歌が大好きな☆☆さんだから、必ずや歌を作っているにちがいないと思ったので、今回の日程を打ち合わせる時のメールに、歌を聞き取りたい旨を書かせていただいておいた。
最初、少し、手をふる方法で話して、彼女のパソコンを開いていただいた。彼女のご両親はスイッチの介助がおできになるので、毎日日記を書いているパソコンである。
感激です。いい気持ちでした。明るい光がさしてきました。人間として小さく夢を紡いできましたが、ようやくかないました。
勇気がほしいです。
願いは私のもっと私らしさを表現したいです。未来が開けてきました。いい気持ちです。
ずきんとするような痛みを感じることもありますが、それも乗り越えていくことができそうです。ぬいぐるみのような生活にもお別れです。人間として認められてうれしいです。小さいときからの夢でした。
そこで、歌のことに話題を向けた、するとさっそく、歌詞が書かれた。題は「ぬいぐるみの歌」。
小さいぬいぐるみ なぜ泣くのだろう
きのうの悲しい思いかしら
泣くのはやめて みんなも同じ
ひとりぼっちのさびしさに
ろうそくをともして生きている
小さいぬいぐるみ なぜ泣くのだろう
人生はもっと輝いているよ
そして、手を振りながら「ドレミファソラシド」と言いながら、ひとつずつ音をひろっていった。☆☆さんは、この方法は初めてで、驚いた様子ともに、こみあげるような笑いを浮かべながら、メロディをつたえてきた。
そして、歌を伝え終わると、次のような感想をくれた。
信じられません。歌を聞きとれるとは思いませんでした。小さい頃から気持ちをしずめるために歌を歌っていました。理解してくれてうれしいです。未来が開けてきました。
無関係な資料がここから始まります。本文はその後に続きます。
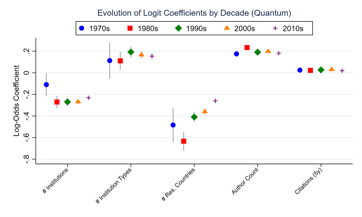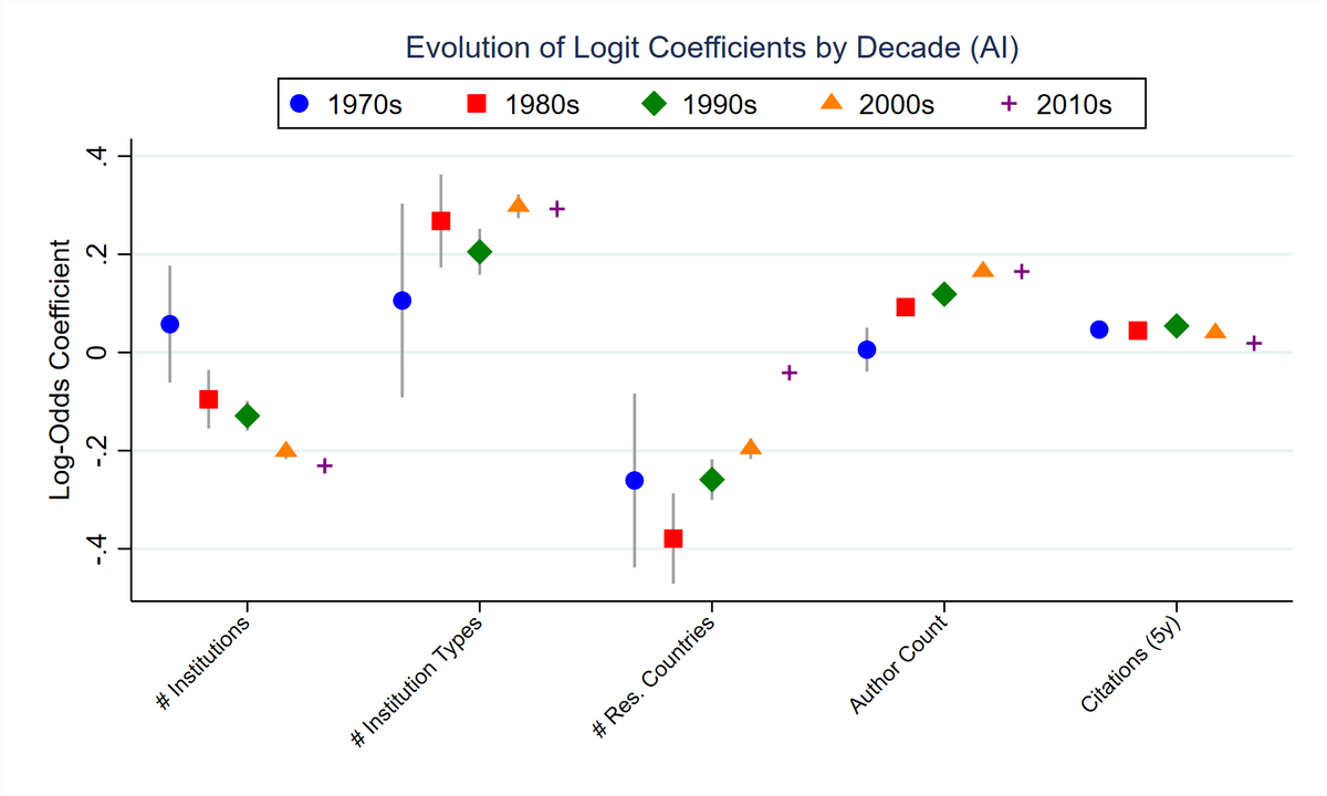 Die Anzahl der beteiligten Institutionen steht durchgehend in einem negativen Zusammenhang mit den Log-Odds einer Patentzitierung, während die institutionelle Diversität in allen Dekaden positiv assoziiert ist. Im Gegensatz dazu zeigt sich der Effekt internationaler Zusammenarbeit (Anzahl der beteiligten Länder) in den früheren Jahrzehnten stark negativ und nimmt im Zeitverlauf an Bedeutung ab.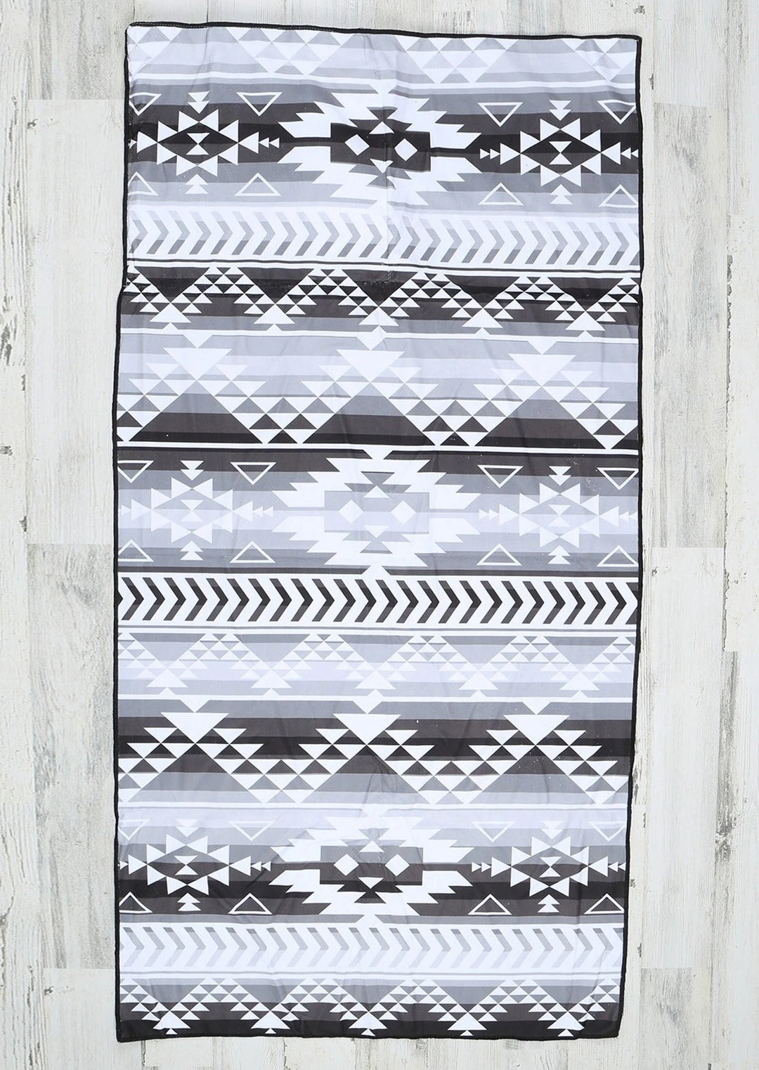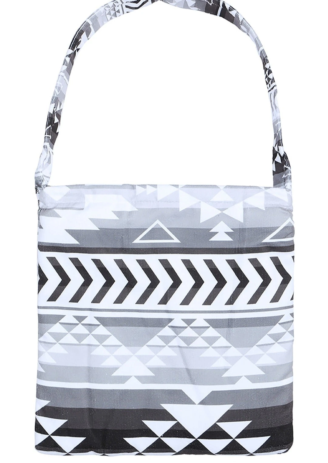- Featuring a trendy Aztec black design, this 2-in-1 tote and towel is crafted from high-quality, durable materials. The foldable design ensures easy portability, making it ideal for travel, picnics, or a day at the beach.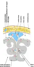 ![]() Representação diagramática da seção do topo do crânio, mostrando as meninges, etc. | |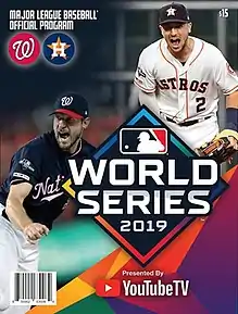 For the third straight year, MLB sold presenting sponsorships to all of postseason series. As with the 2017 and 2018 World Series, this World Series was sponsored by YouTube TV and was officially known as the 2019 World Series presented by YouTube TV.[8]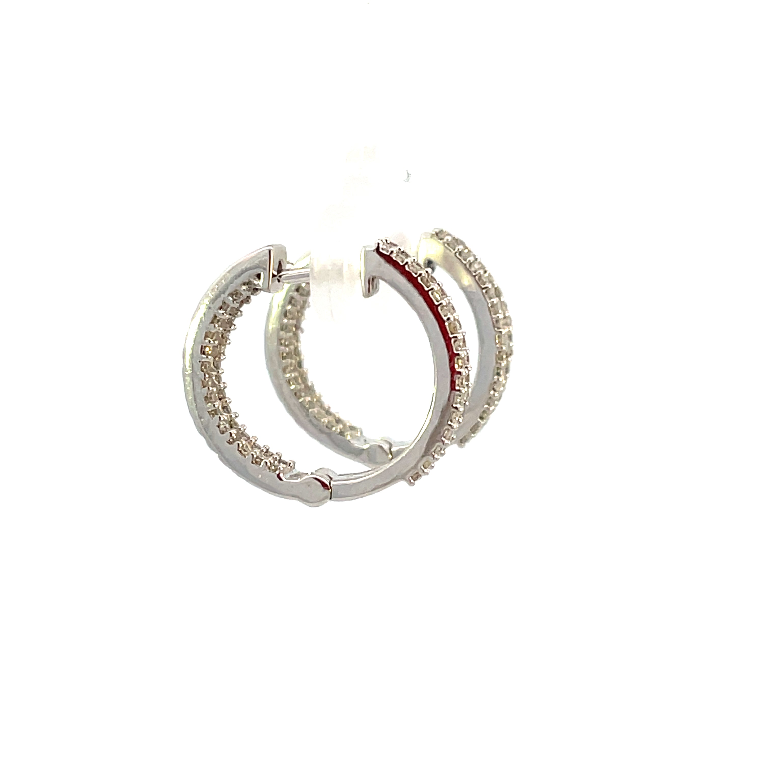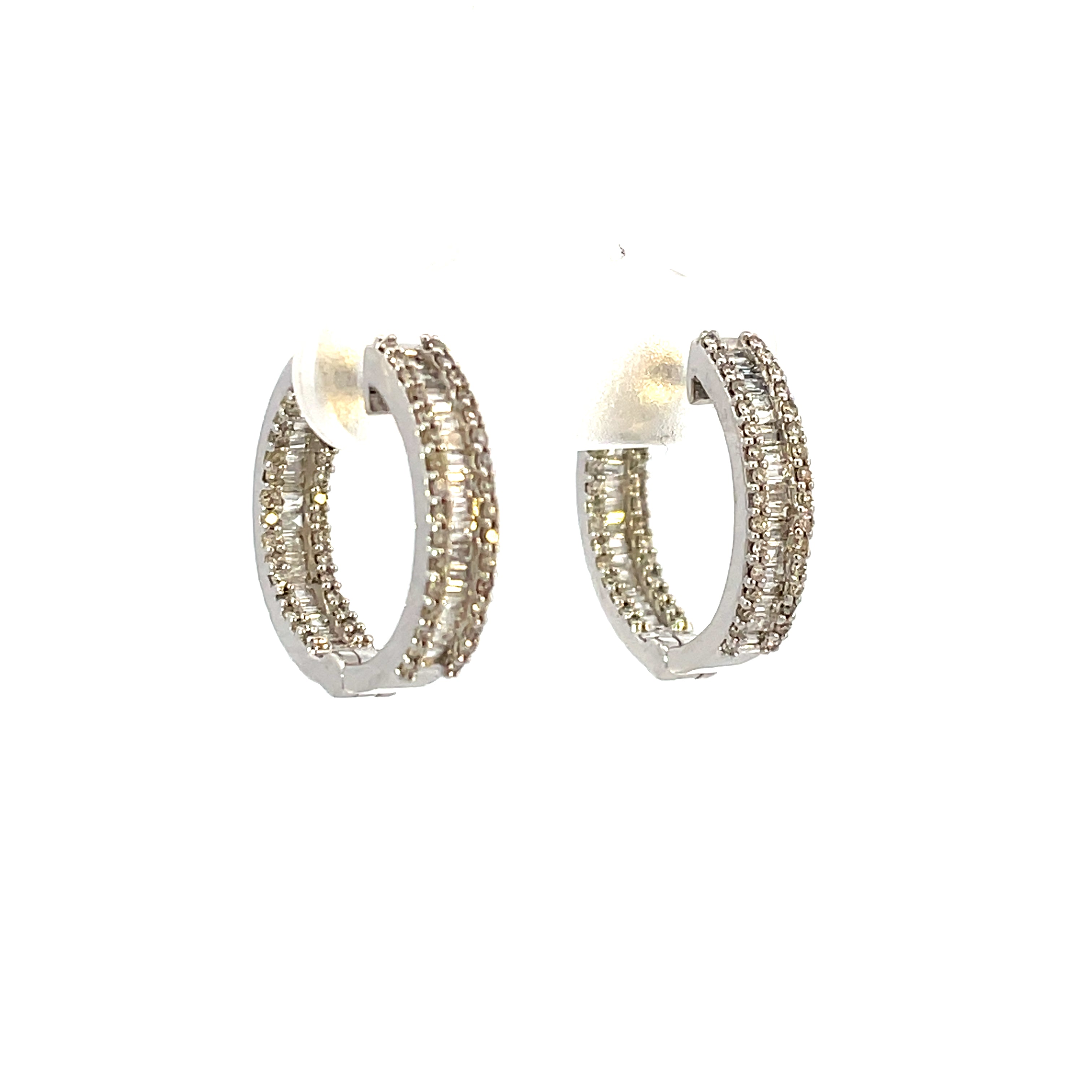 14KW Baguette and Round Inside/Outside Diamond Huggie Hoop Earrings .82 CTW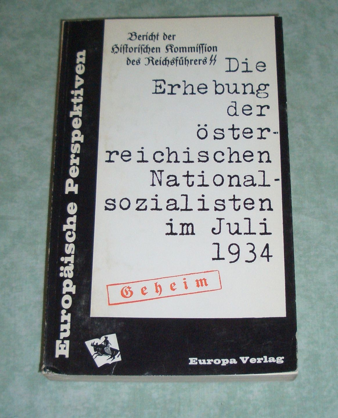 Österreich – Geschichte – Zeitgeschichte Die Erhebung der österreichischen Nationalsozialisten im Juli 1934. Akten der Historischen Kommission des Reichsführers SS. Europa Verlag. 300 Seiten. Paperback. Widmungskarte des ÖGB am Innendeckel. Mit leichten Gebrauchsspuren.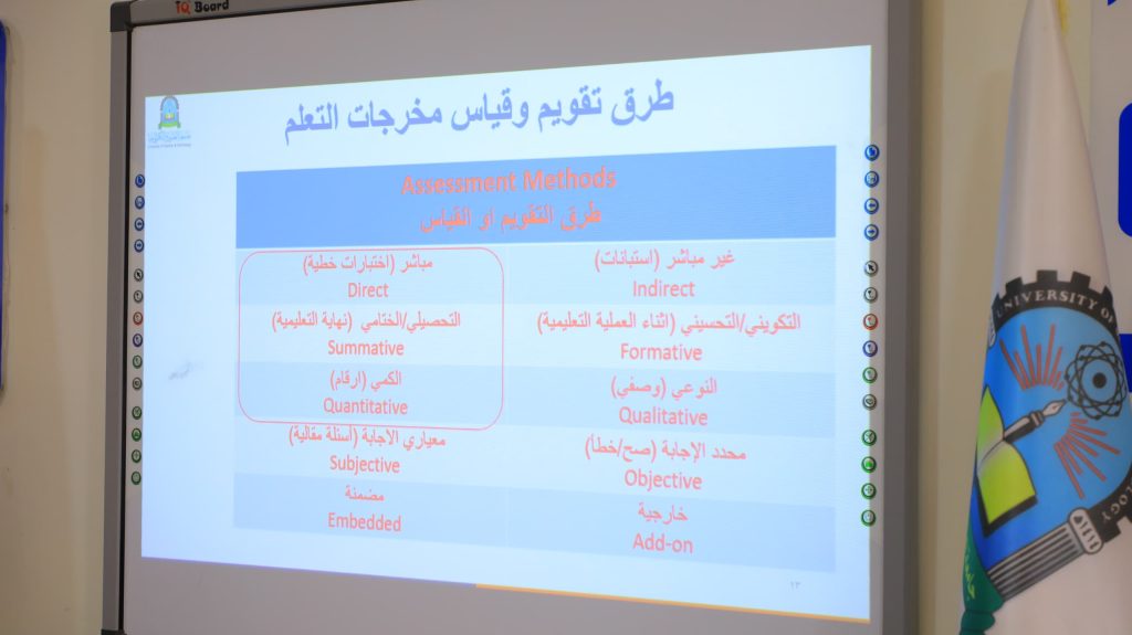 استهدفت الورشة التي يقدمها أ.د محمد الشرجبي، أعضاء هيئة التدريس في كلية الهندسة، وركّزت على آليات قياس وتقويم مخرجات التعلم، وتوظيف النتائج في تطوير المحتوى وأساليب التدريس، بما يتوافق مع متطلبات الاعتماد الأكاديمي ABET.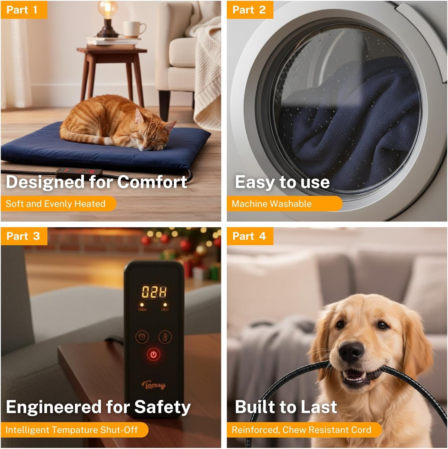 - ❤【Unique Heating Pad Design】Protect pets from chewing wires with dual resistant cord protection to ensure safety. Ultra-soft, machine-washable cover for comfort and convenience. If the inner pad becomes dirty, you just need to wipe the inner pad with a damp cloth instead of soaking it in water.

うれしいです。
そこで、私はよくばって、まだほかの歌はありますかと尋ねると、
もっとありますが聞いてもらえますか。
そして、「未来の夢」という歌が書かれた。
人間として生まれて生きてきて
私は夢をかなえたい
未来の夢は願いの理想
光の中で光り輝き
太陽のように 遠くをてらす
私の私らしさを願いながら
私は私の理想を紡ぐ
そんな時、数名の学生たちが授業を終えて入ってきた。6月にも☆☆さんと会った学生たちだ。
☆☆さんとしばらく語りあっているあいだに、音楽に造詣の深い編集者の方にお願いして楽譜にしていたいたので、研究室においてあるギターの伴奏で、歌ってみることにした。
☆☆さんの心の中で静かになりひびいていた歌が、同世代の若者の歌声によって部屋中にひびきわたった。すばらしい瞬間だった。
☆☆さんも、本当に喜んでくださった。
後日、女子学生が☆☆さんの歌について語りにやってきた。「ぬいぐるみの歌」は、やっぱり、自分のことなんですよねと言いながら。歌を通じて、☆☆さんの思いは、深く伝わった。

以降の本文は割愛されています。